### EXCERPTED RECORDS

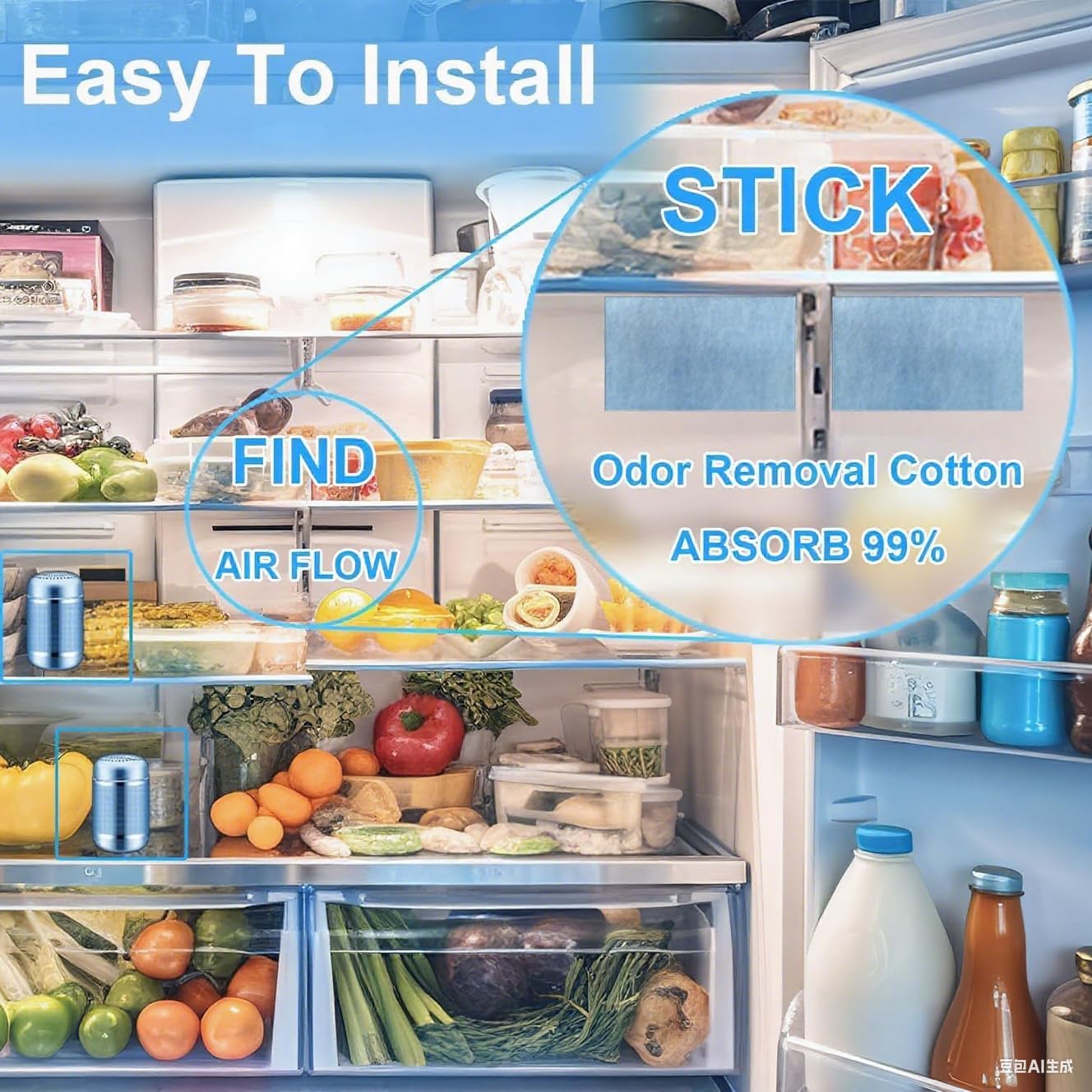 • More effective than baking soda: Simply place this fridge odor eliminator inside, attach the deodorizing cotton to the circulation vent, and it does the job—no power supply needed, never saturates, causes no secondary contamination, and is entirely free of fragrances and chemicals.
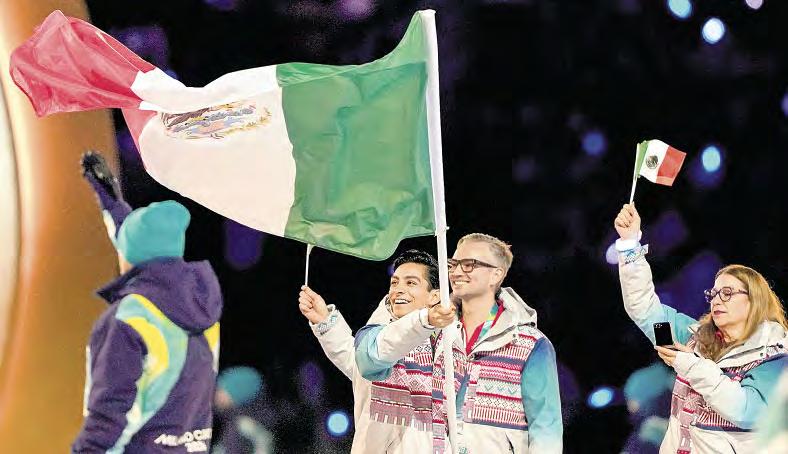 ciudad”, clamaron los manifestantes en la Plaza Leonardo da Vinci, algunos de los cuales expresaron su solidaridad con Palestina y Venezuela. El patinador Donovan Carrillo encabezó la delegación mexicana. Fotos Ap REDACCIÓN / DEPORTES
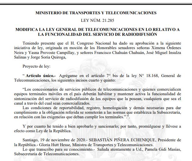 La ley 21.285 tiene un solo artículo: «Los concesionarios de servicios públicos de telecomunicaciones y quienes comercialicen equipos terminales móviles en el país deberán habilitar y mantener activa la funcionalidad de sintonización del servicio de radiodifusión de los equipos que la posean, cualquiera que sea el canal a través del cual sean comercializados. Las condiciones de reportabilidad, registro, homologación y demás necesarias para dar cumplimiento a la obligación referida se someterán a las normas que establezca la Subsecretaría (de Telecomunicaciones), en relación con las exigencias que deban cumplir los terminales».
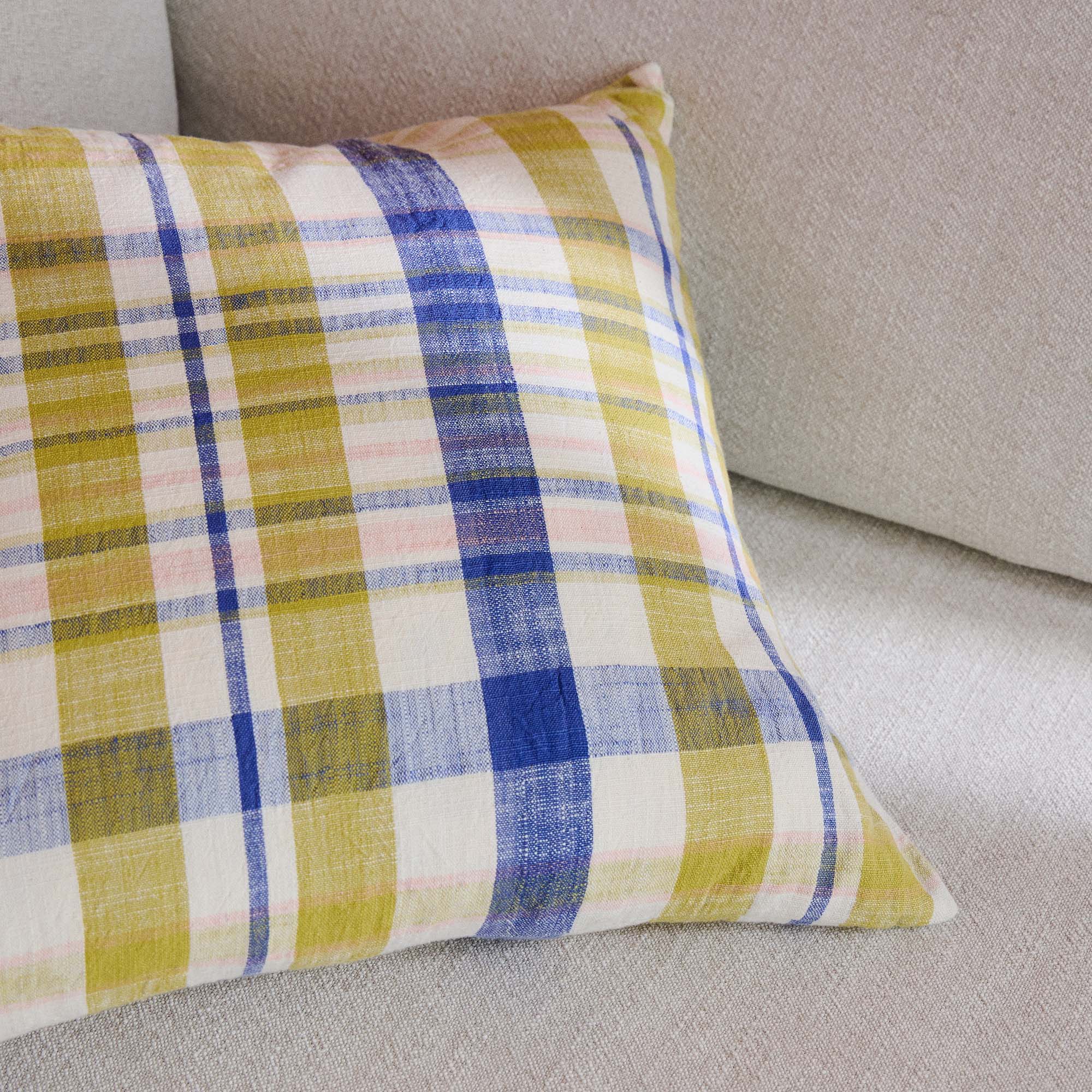 The Marabar cushions are available in five vibrant check patterns across two sizes.Â
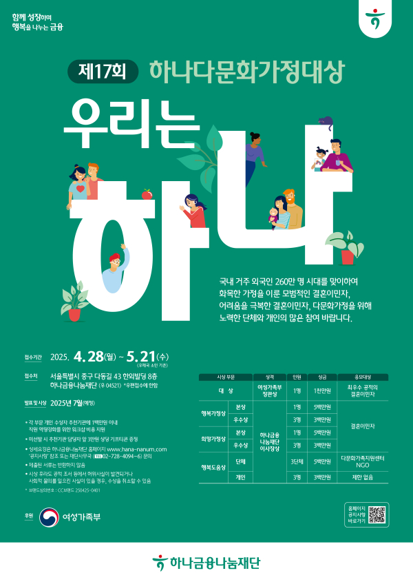 [인더스트리뉴스 홍윤기 기자] 하나금융나눔재단은 오는 21일까지 여성가족부가 공식 후원하는 '제17회 하나다문화가정대상' 수상 후보자를 공모한다고 8일 밝혔다.
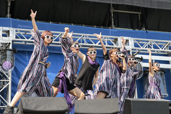 強靭なロックにラップやダンサブルな要素をミックスした9人組、SUPER★DRAGON。「こんな大きいステージに呼んでもらえてありがとうございます!」と朗らかなMCとは裏腹に、全身を揺さぶるタフネスなステップで魅了。また一歩、飛翔を感じる時間となった。
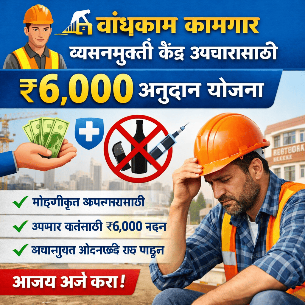 🏗️ बांधकाम कामगार व्यसनमुक्ती केंद्र उपचारासाठी ₹6,000 अनुदान योजना|
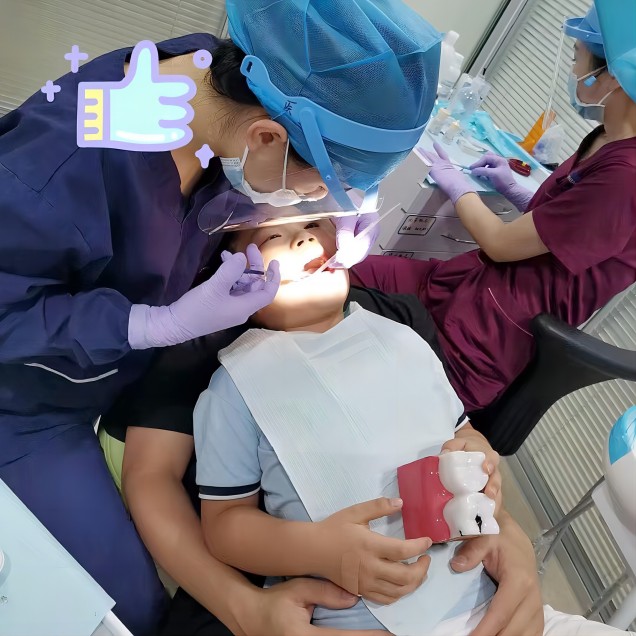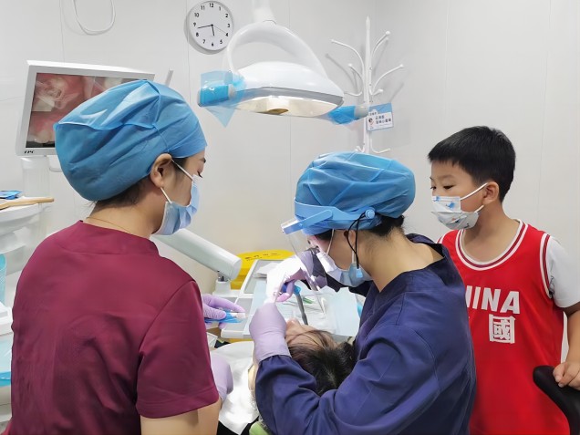 小朋友的爸爸媽媽很有耐心,慢慢溝通引導,再次開始治療時,爸爸躺在牙椅上抱著他,媽媽在旁邊一直陪同,我們的醫生和護士也在鼓勵他,很快,本次治療順利完成!
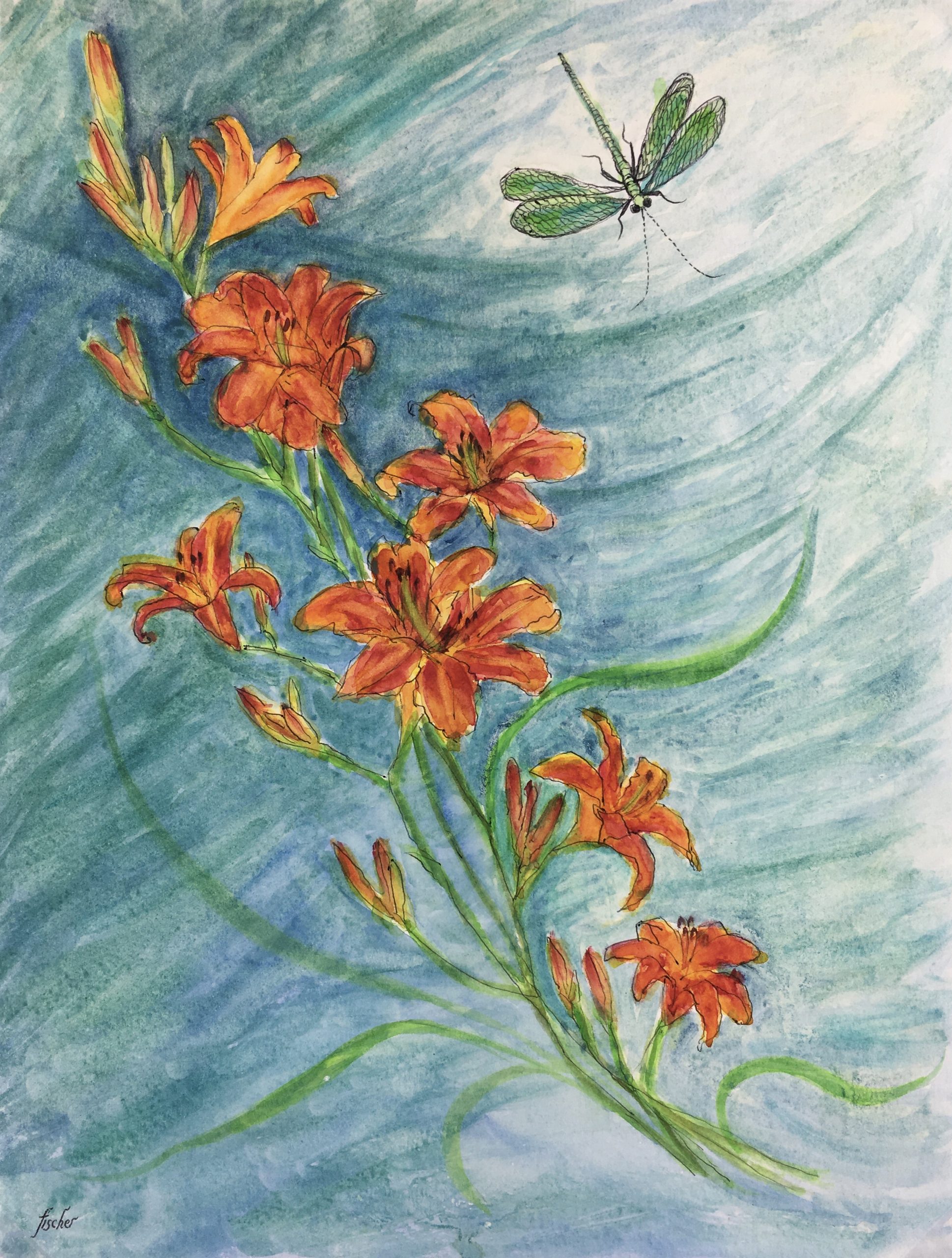 Original Art on paper displayed on a white mat with a gold border. Mat fits a standard-size frame. Archival plastic sleeve and Certificate of Authenticity included. Original Art, 9.25″W x 12″H; mat, 16″W x 20″H.
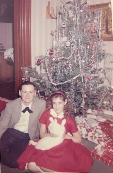 As I recall, the nights were always bitter cold on our noses and cheeks. I guess I wasn’t really dressed for the New Jersey weather in my Christmas party dress and black patent leather shoes. I don’t know for sure that they were always black patent leather, but that image sticks with me. Hats, mittens, and scarves were tucked around me, probably around Tom, too, as we hopped, danced, and paced up and down the sidewalk on Clinton Avenue in front of our house. Sometimes we were on cement, sometimes on ice and snow. The basic scene was always the same.
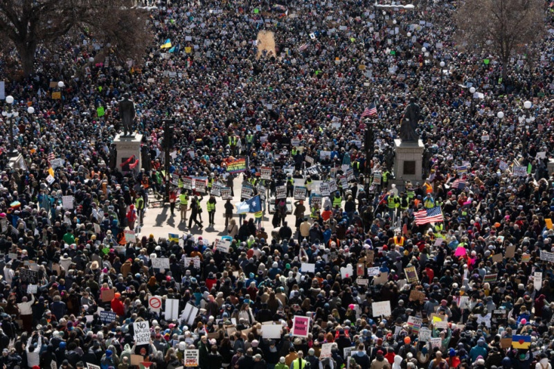Тем временем, на улицах американских городов во всех 50 штатах проходят протесты против политики Трампа под девизом «Руки прочь от нашей демократии».
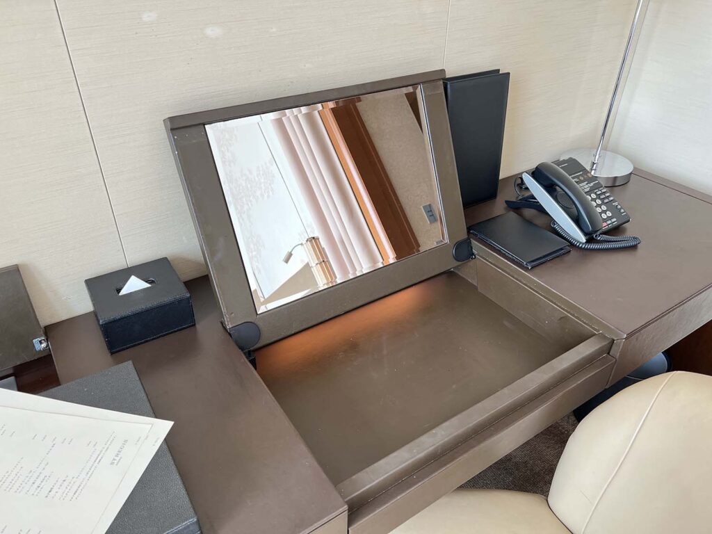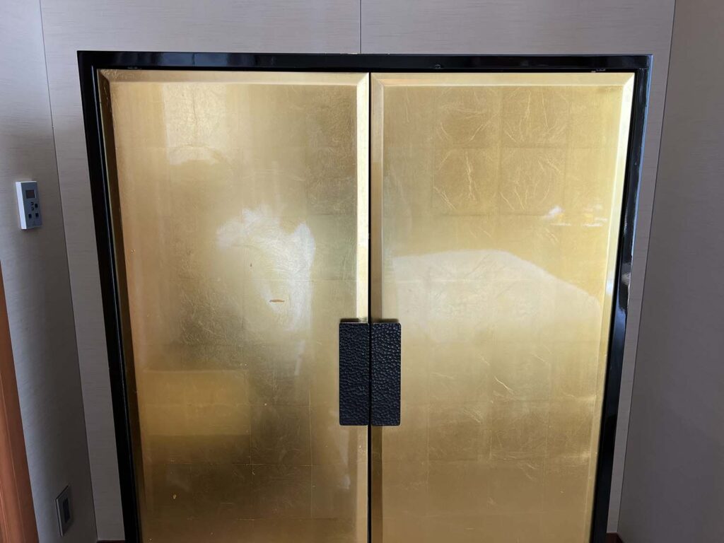 まずは手前側から。この金色の玉手箱みたいなのは(笑)、お水やミニバーが入っているボックス。ラグジュアリー和って感じですよね。
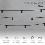 NEON-NIGHT Belt-Light 2 жилы шаг 50 см патроны e27 влагостойкая IP65Гирлянда Белт-Лайт 2 жилы, 50м, шаг 50см, 100 патронов E27, IP65, черный плоский провод каучук NEON-NIGHT
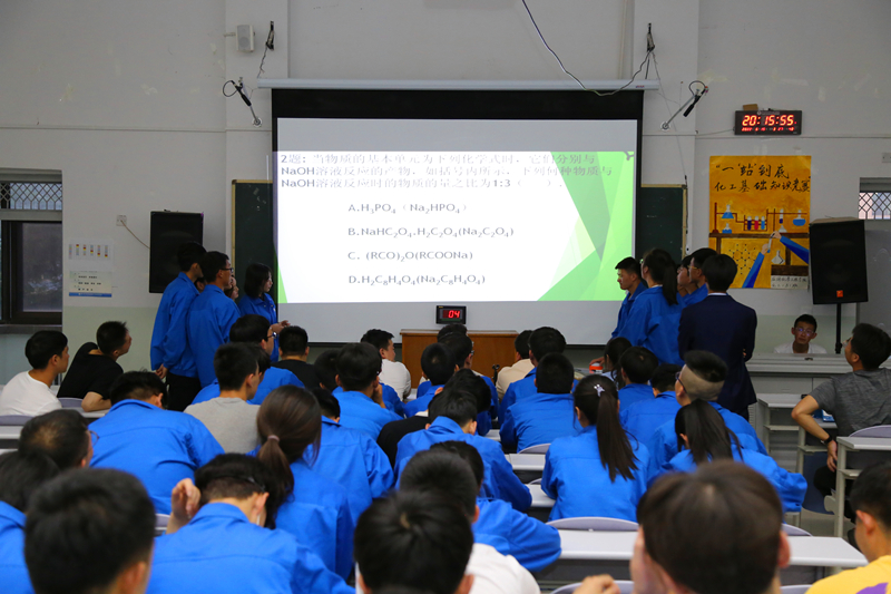 6月18日,304am永利集团在学校西区西阶二教室举办“‘一战到底'化工知识竞赛”决赛,本次活动为更好的激发公司员工学习专业知识的兴趣,以及增强公司学风建设,使员工进一步巩固化学知识,学以致用。经理助理唐靖,辅导员王靖基、朱杭静出席此次活动并担任评委。

### TASK PROMPT
Retyped exactly, the lines from the one holding "まずは手前側から。この金色の" through the last line of the data above are the whole answer. Pictures stay out.

### WRITTEN ANSWER
 まずは手前側から。この金色の玉手箱みたいなのは(笑)、お水やミニバーが入っているボックス。ラグジュアリー和って感じですよね。
 NEON-NIGHT Belt-Light 2 жилы шаг 50 см патроны e27 влагостойкая IP65Гирлянда Белт-Лайт 2 жилы, 50м, шаг 50см, 100 патронов E27, IP65, черный плоский провод каучук NEON-NIGHT
 6月18日,304am永利集团在学校西区西阶二教室举办“‘一战到底'化工知识竞赛”决赛,本次活动为更好的激发公司员工学习专业知识的兴趣,以及增强公司学风建设,使员工进一步巩固化学知识,学以致用。经理助理唐靖,辅导员王靖基、朱杭静出席此次活动并担任评委。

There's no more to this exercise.